Publicado por Frei João de Araújo Santiago | 27/02/2017 - 09:06

VIII Dom Comum

É preciso saber viver. Toda pedra do caminho Você pode retirar. Numa flor que tem espinhos Você pode se arranhar. Se o bem e o mal existem Você pode escolher. É preciso saber viver. É preciso saber escolher: Deus ou Mammona.

Mateus 6, 24-34

Ninguém pode servir a dois senhores, porque ou odiará a um e amará o outro, ou dedicar-se-á a um e desprezará o outro. Não podeis servir a Deus e à Mammona (à riqueza). 25.Portanto, eis que vos digo: não vos preocupeis por vossa vida, pelo que comereis, nem por vosso corpo, pelo que vestireis. A vida não é mais do que o alimento e o corpo não é mais que as vestes? 26.Olhai as aves do céu: não semeiam nem ceifam, nem recolhem nos celeiros e vosso Pai celeste as alimenta. Não valeis vós muito mais que elas? 27.Qual de vós, por mais que se esforce, pode acrescentar um só côvado à duração de sua vida? 28.E por que vos inquietais com as vestes? Considerai como crescem os lírios do campo; não trabalham nem fiam. 29.Entretanto, eu vos digo que o próprio Salomão no auge de sua glória não se vestiu como um deles. 30.Se Deus veste assim a erva dos campos, que hoje cresce e amanhã será lançada ao fogo, quanto mais a vós, homens de pouca fé? 31.Não vos aflijais, nem digais: Que comeremos? Que beberemos? Com que nos vestiremos? 32.São os pagãos que se preocupam com tudo isso. Ora, vosso Pai celeste sabe que necessitais de tudo isso. 33.Buscai em primeiro lugar o Reino de Deus e a sua justiça e todas estas coisas vos serão dadas em acréscimo. 34.Não vos preocupeis, pois, com o dia de amanhã: o dia de amanhã terá as suas preocupações próprias. A cada dia basta o seu cuidado.

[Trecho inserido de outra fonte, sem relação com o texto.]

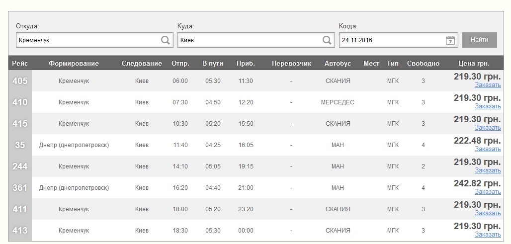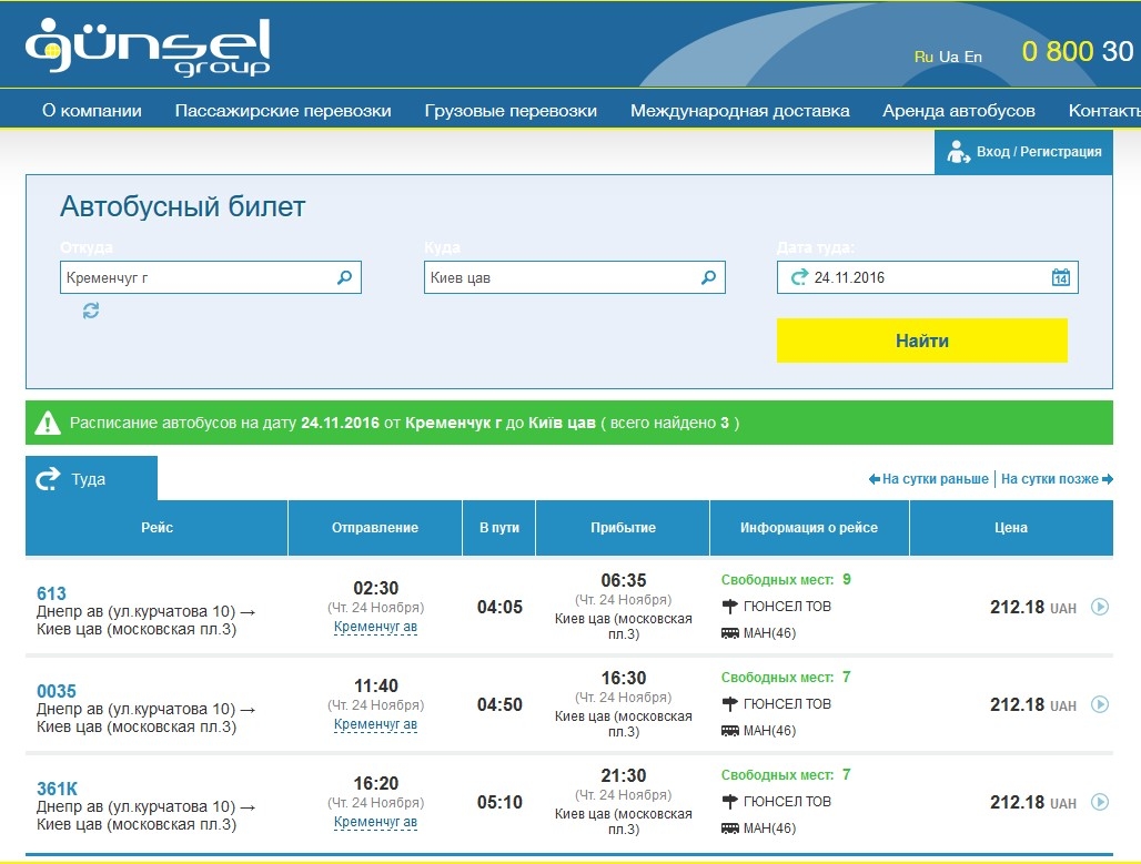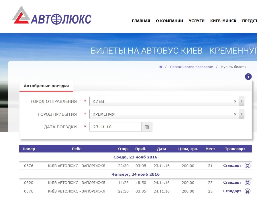 К примеру, поездка с кременчугского автовокзала в Киев на большом автобусе Гюнсел обойдется Вам на 12 грн дороже, а Автолюкс довезёт за 200.
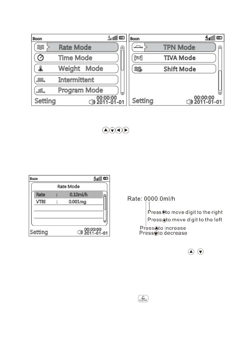 Select infusion mode by pressing key, press OK key to enter the parameter setting

 Naqueles tempos as viagens transatlânticas eram realizadas por navio e levavam até 30 dias. Um rapaz consegiu comprar o bilhete, mas outro dinheiro não tinha. Ao longo da viagem não fazia outra coisa do que procurar se arranjar como podia. Um dia trocava comida por qualquer serviço; outro dia pedia mesmo de alguém; e em outros dias comia as sobras. E, assim, todo ansioso e preocupado, passou a viagem toda só preocupado com a sobrevivência, enquanto outroscontemplavam a paisagem, fazia novas amizades, descansavam, etc.  No término da viagem alguém que havia notado aquela sua agonia ao longo de todo o trajeto, perguntou-lhe o motivo de tanta agitação. Ele respondeu: “Não tinha dinheiro para comprar as refeições”. O outro lhe respondeu: “Você não notou, mas no seu bilhete estava incluído tambem as refeições”. Caramba! Perdi a viagem e o que ela oferecia .......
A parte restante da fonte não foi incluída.